In Get a Clown Suit, my colleague Jorge Camoes bemoans the overuse of the phrase “professional looking charts” to describe an ever expanding selection of gaudy and distracting visual effects. The particular graphic that set Jorge off was this chart from SmartDraw showing population of the ten most populous countries:
Although this chart used some kind of androids to represent the data, Jorge was envisioning the following chart in his head.
Choice of symbol to encode data
There are a number of things about this chart that should be adjusted. First, the clowns are distracting, perhaps even a little bit more so than the characters in the first chart. Whenever images like this are used, they really fill a rectangle, but the missing parts of the rectangle around the image cause us to misinterpret the true height of the bars. Let’s remedy this by replacing the clowns by rectangles of the same height and width. If you notice, even in the chart above, the value axis labels are more concise: 1500 M instead of 1,500,000,000.0 (who needs one decimal place precision on a billion and a half?).
Okay, much better, at least we can better judge the extent of the numbers. There is a lot of overlapping, though. In the first clown chart above, you may have missed the Brazilian clown behind the huge shoe of the Chinese clown. In the rectangle plot above I’ve used white outlines to highlight boundaries of the rectangles which are placed in front of larger ones, but it’s better not to overlap bars.
Now the neat alignment of the axis labels and the bars is lost, with the wide bars pushing the narrower ones aside.
Use of color (brightness and contrast)
Another issue with the SmartDraw chart is that the larger bars are bolder than the smaller bars. They are darker in color and less blurry. This emphasizes the larger values more than dictated by just the heights of the associated figures.
In fact, the larger androids have a thicker, darker border as well as a darker interior. If the intention was to show that China and India are enormous and nothing else matters, well, that was achieved.
Aspect ratio of data points
In addition to the color, the width of each bar distorts the perceived value it encodes. The height of each bar is proportional to the value it represents. So is its width. The area therefore is proportional to the value raised to the second power. The color difference probably makes the whole effect proportional to the value raised to the power of 2.5.
We can improve the clown chart by making each clown the same width.
But that distorts the clowns so that they are hardly recognizable. Just as the clowns themselves distort the data so that it is hardly recognizable. We can address this by retaining the aspect ratio of the clowns, and stacking them to heights that represent the different values.
The poor Brazilian clown has been decapitated. I suppose that’s why he was hiding in the first chart. The partial clowns may be even more distracting than the stretchy clowns above.
Finally, a bar chart
We can eliminate the distraction of the clown symbols by using a plain rectangle.
Sorting order
One thing that would help us to compare values across the chart is removing the arbitrary alphabetical sort of the country names with a more meaningful sort based on the values being charted. All of these charts use up lots of room, and without the fat clowns, we no longer need so much space.

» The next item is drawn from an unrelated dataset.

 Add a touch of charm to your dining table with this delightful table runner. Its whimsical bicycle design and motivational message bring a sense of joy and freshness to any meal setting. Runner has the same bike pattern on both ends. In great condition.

See, China and India are much bigger than the other countries, but the US still accounts for 20 to 25% of the population of each (not 1/50 of the emphasis provided by length, width, and color).
Chart Orientation
The labels overlap because of the shrinking of the chart. This can be remedied in several ways: use abbreviations for the country names, rotating the labels so the reader must turn the page or tilt his head, or rotating the chart so the labels and the values can be read without contortions. Excel will volunteer to omit some labels, but this is not useful if the data are not numeric and proportionally spaced.
The nice thing about this chart is that it scales nicely if we decide to plot the top 25 countries.

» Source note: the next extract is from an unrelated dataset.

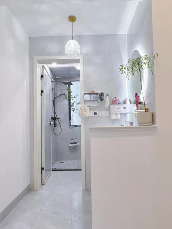 浅灰瓷砖通铺搭配同色美缝剂,地面浑然一体显大又耐脏。

A little embellishment won’t kill you
If you still need to resort to colorful images to draw attention to your chart, you can still add your clown, but a bit to the side so you can still make out the data. Remember that less can be more.

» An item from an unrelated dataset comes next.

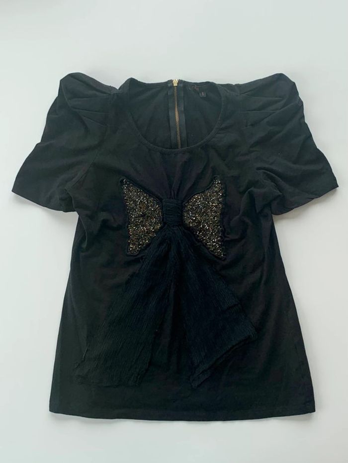 Top / haut / t-shirt Manches courtes style épaulettes Fermeture zip mi dos Motif : Nœud ailes de papillon 🦋 sur le devant Nos vêtements sont toujours garantis sans taches, ni trous 👌🏻 Maison non fumeur, sans poils d’animaux

But to paraphrase Professor Tufte, if your data isn’t interesting, you need other data.
Summary of charting badness
Here are some things you should be aware of in your own charting efforts.
- Axis labels are too long, and show excessive precision. All of the text in the original was too small.
- Distracting symbols were used instead of bars.
- Symbols encode data in their length, width, and color, where only length is needed, and where only length should be used.
- Varying width bars overlap each other, partially hiding data.
- Values are sorted arbitrarily, not by value.
Andreas says
Thx for yet another great post. I am currently having troubles with labels, and maybe you’d care to help out. I find it impossible to control e.g. the label width in a rotated barchart.
Say you had a legitimate reason for having e.g. 15 labels of 200 charachtters, in a
vertical barchart, taking up an a4 page. How to control the labelwith and spacing? When i drag the inner plot area, it only results in empty white space – not any change in labelwidth.
Sorry to the F1 question. Just could’nt control my self :-)
Gordon says
I just got some funny looks from the office when I explained that the thing I was laughing at was a blog post about charting best practice. I am King Dull of Geektown according to them now!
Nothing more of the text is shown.